The big O notation

Intorduction

Big-O Notation (O)

Big-O gives an upper bound on a function’s growth. It describes the worst-case scenario — the maximum amount of time or space an algorithm might use. If we write ' $f(n) = O(g(n))$ ', it means that for large enough ' $n$ ', ' $f(n)$ ' does not grow faster than ' $g(n)$ ' (ignoring constant factors).

Big-Omega Notation (Ω)

Big-Omega gives a lower bound. It tells us the minimum resources required — the best-case performance. If ' $f(n) = \Omega(g(n))$ ', it means ' $f(n)$ ' grows at least as fast as ' $g(n)$ ' for large ' $n$ '.

Big-Theta Notation (Θ)

Big-Theta gives a tight bound, meaning it describes the exact growth rate. If ' $f(n) = \Theta(g(n))$ ', then ' $f(n)$ ' grows at the same rate as ' $g(n)$ ' up to constant factors. This implies both $'O(g(n))$ ' and ' $\Omega(g(n))$ ' hold.

Computational complexity

From Fast to Slow:

$\begin{array}{|c|c|l|} \hline \textbf{Complexity} & \textbf{Meaning} & \textbf{Example} \\ \hline O(1) & \text{Constant time} & \text{Access array by index} \\ O(\log n) & \text{Logarithmic} & \text{Binary search} \\ O(n) & \text{Linear} & \text{Loop through list} \\ O(n \log n)& \text{Linearithmic} & \text{Merge sort, heap sort} \\ O(n^2) & \text{Quadratic} & \text{Bubble sort, nested loops} \\ O(n^3) & \text{Cubic} & \text{3 nested loops} \\ O(2^n) & \text{Exponential} & \text{Subset generation} \\ O(n!) & \text{Factorial} & \text{Brute-force permutation sorting} \\ \hline \end{array}$

In general:

Good: O(1), O(log n), O(n)
Acceptable: O(n log n)
Bad: O(n²) and worse for large $n$

O(log n) — Halving Until You Find It

Binary search appears when you repeatedly cut a sorted set in half and only follow the half that matters.

A perfect real-life example is the Guess the Number game.
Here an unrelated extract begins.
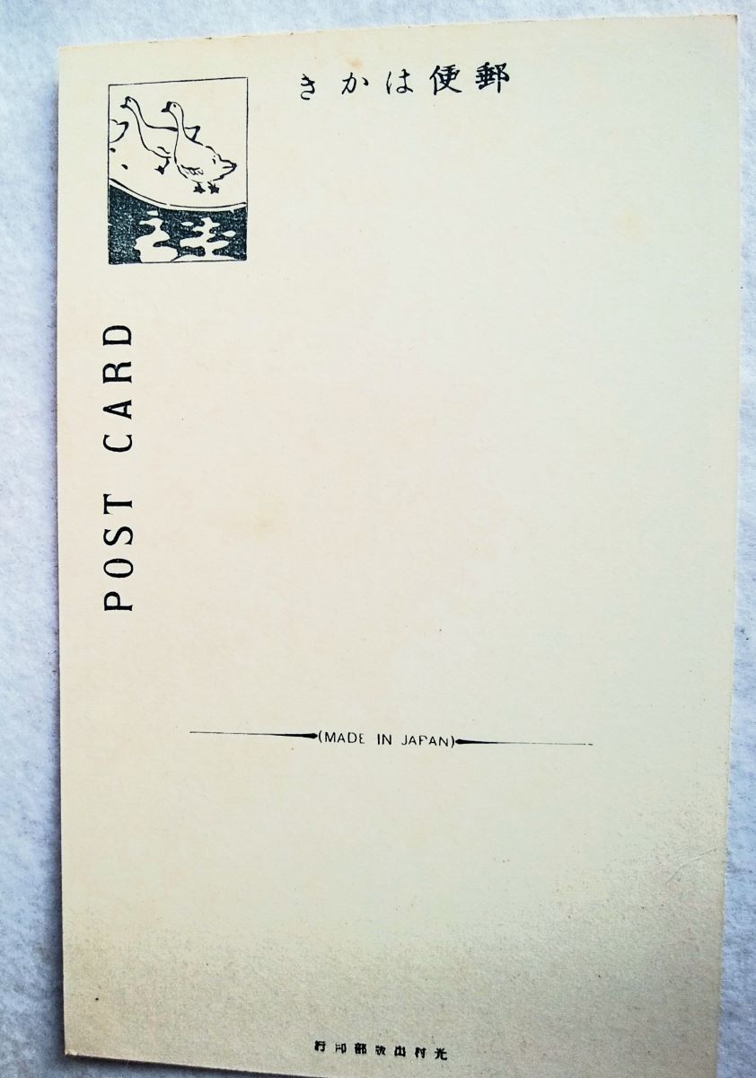 ホルダー跡、裏明治時期仕様 カラー仕様ですが、画質のキメが荒く、色薄く、色は、復刻の時に付けたのかも知れません。

Imagine someone picks a number between 1 and 100. You don’t guess randomly — instead, you always choose the middle number and ask if the target is higher or lower. Each time, you eliminate half of the remaining options. In just a few guesses, you zero in on the correct number.

This strategy works because the problem size shrinks exponentially — from 100 to 50 to 25 and so on. After around log₂(n) steps, there’s only one number left. That’s why binary search runs in O(log n) time.

O(n log n) — Divide and Touch Everything

O(n log n) arises when an algorithm splits the data repeatedly and still needs to process every element at each level of splitting. For example, in merge sort, the data is divided in half each time — this creates log n levels of recursion. But at every level, the algorithm still needs to go through all n elements to merge them. That’s why the total time becomes:

$\text{(log n levels)} \times \text{(n elements per level)} = O(n \log n)$

O(2ⁿ) — Problems of Choice

A classic example is the 0/1 Knapsack problem. Given n items, each with a value and weight, you decide for each one whether to include it in your bag without exceeding a weight limit. Every item presents two choices — take it or not — leading to $2^n$ possible combinations. That’s why brute-force knapsack is exponential.

A more relatable version is your closet in the morning. Imagine you own n shirts. Each day, you can either wear or not wear each shirt (ignoring fashion logic). That leads to $2^n$ outfit combinations — one for every possible subset of shirts.

O(n!) — Problems of Ordering

On the other hand, O(n!) arises when the task is to examine every possible ordering of n items. A textbook case is the Traveling Salesman Problem (TSP): a salesman must visit n cities once and return to the start, aiming for the shortest route. Every route is a unique permutation of the cities — and there are $n!$ of them.

A real-world analogy? Think of planning a talent show with n singers. You must decide who performs in which order. Each different sequence is a new possibility — and the total number of such lineups is again $n!$ .

So in short, 2ⁿ shows up when you’re picking any combination (yes/no for each item). n! appears when you’re deciding all possible orders of things. In algorithm analysis, two of the steepest time complexities are O(2^{n}) and O(n!), both representing explosive growth as input size increases. But they arise from different types of problems.

References

[1] M. A. Nielsen and I. L. Chuang, Quantum Computation and Quantum Information, 10th Anniversary Ed., Cambridge: Cambridge University Press, 2010.